2) There’s always this weird view, in my opinion and of course it’s a view that Jude is all over, that Paul only started dominating on later albums because John essentially let him, either through his drug intake, depression, whatever you name it. Again, why is it so taboo to mention Paul’s immersion in Swinging London and the inspiration that would have given him? Paul was almost 2 years younger than John, why is it crazy that his peak years would have come later in the decade? Also, by many accounts from day 1 in the studio Paul was pretty assertive and we know he was working extremely closely with Brian in driving projects for the band before he died so it’s not like once the coast was clear Paul’s evil plan to steal the Beatles from John was good to go
3) Finally, one of my bugbears is when people take a quote and remove it from its context to fit the purpose of whatever interpretation they want to fit on to the Beatles. Both Jude and Mark Lewisohn have quoted Paul’s quote from his secretly recorded conversation with Hunter Davies where he referred to John as his “fairground hero” and use that as their catchphrase to describe the whole L/M relationship, Paul always admired and looked up to John so he would never leave him and John was the centre of his universe, so now to unpack this:
- I don’t think it’s wrong that when Paul met John as a 15 year old and John was a teddy boy looking almost 17 year old that Paul would have looked up to him so I think that quote is accurate for the earlier part of their friendship
- Where I digress from the Lewisohn/Kessler interpretation is where they have Paul fixed in that mindset forever more... Firstly, Paul is clear that that was his initial view of John but as he grew older he grew to share in things with him and become his equal, which ultimately threatened John, which I think succinctly explains why a lot of the Beatles story unfolds the way it did.
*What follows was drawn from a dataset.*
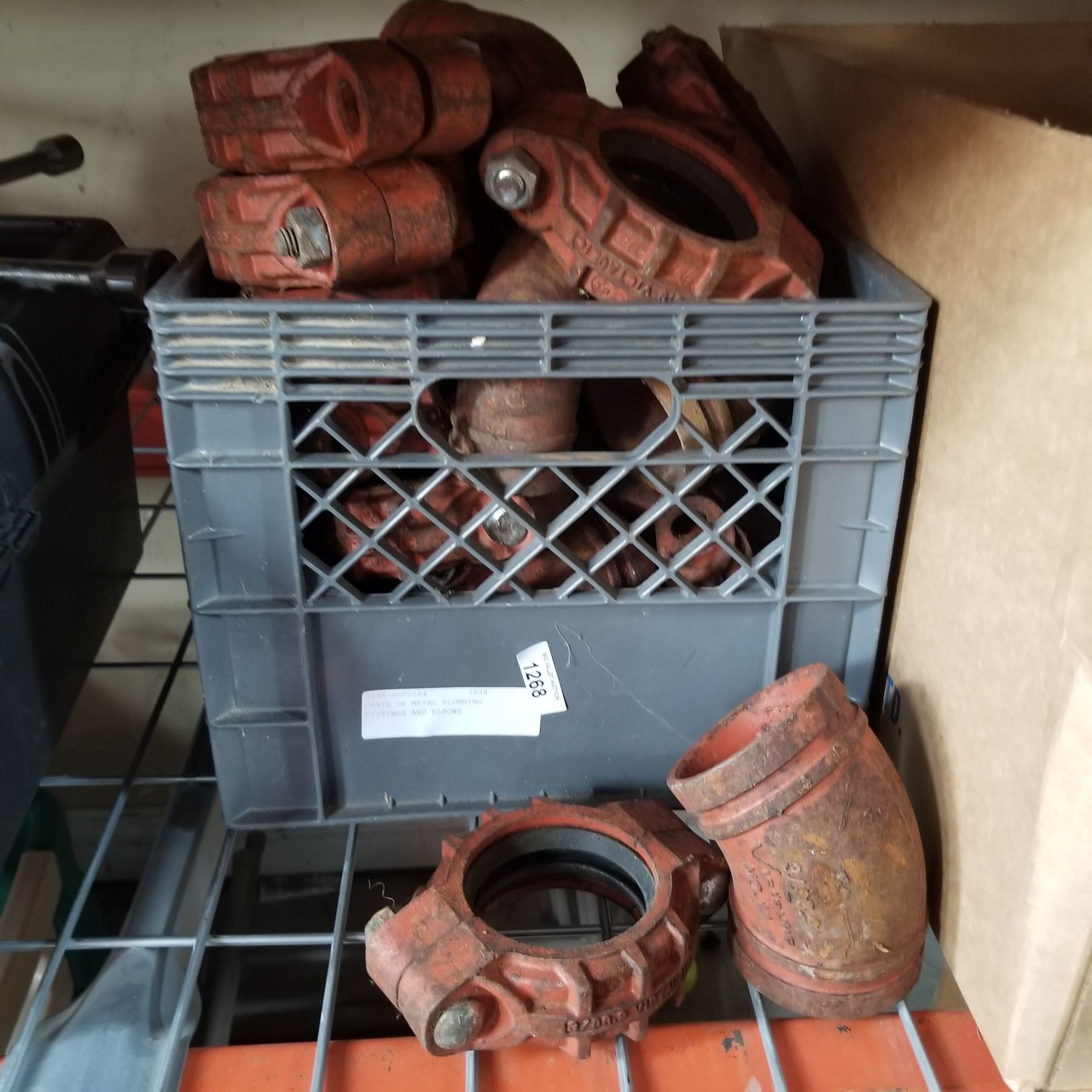 CRATE OF METAL PLUMBING FITTINGS AND ELBOWS

In my view, Paul initially looked up to John and John felt secure in the knowledge that Paul looked up to him and would never leave him. Once they get older and Paul is writing incredible songs on his own like Yesterday, is asking other people like Mal Evans and Pete Shotton to help with the lyrics to Eleanor Rigby instead of John, marries Linda and starts a family with her, that’s a big factor in why John freaks out and lashes out at Paul because he doesn’t want Paul to leave him, that’s something that Jude doesn’t mention and Lewisohn has disappointingly never mentioned either. In my mind to understand the L/M relationship and the axis that the Beatles story turned on you need to understand not just how much Paul loved, appreciated and needed John but how much John loved, appreciated and needed Paul, otherwise the story just does not make sense.
We need more female authorities in Beatles historiography, unfortunately Jude Southerland Kessler is not it.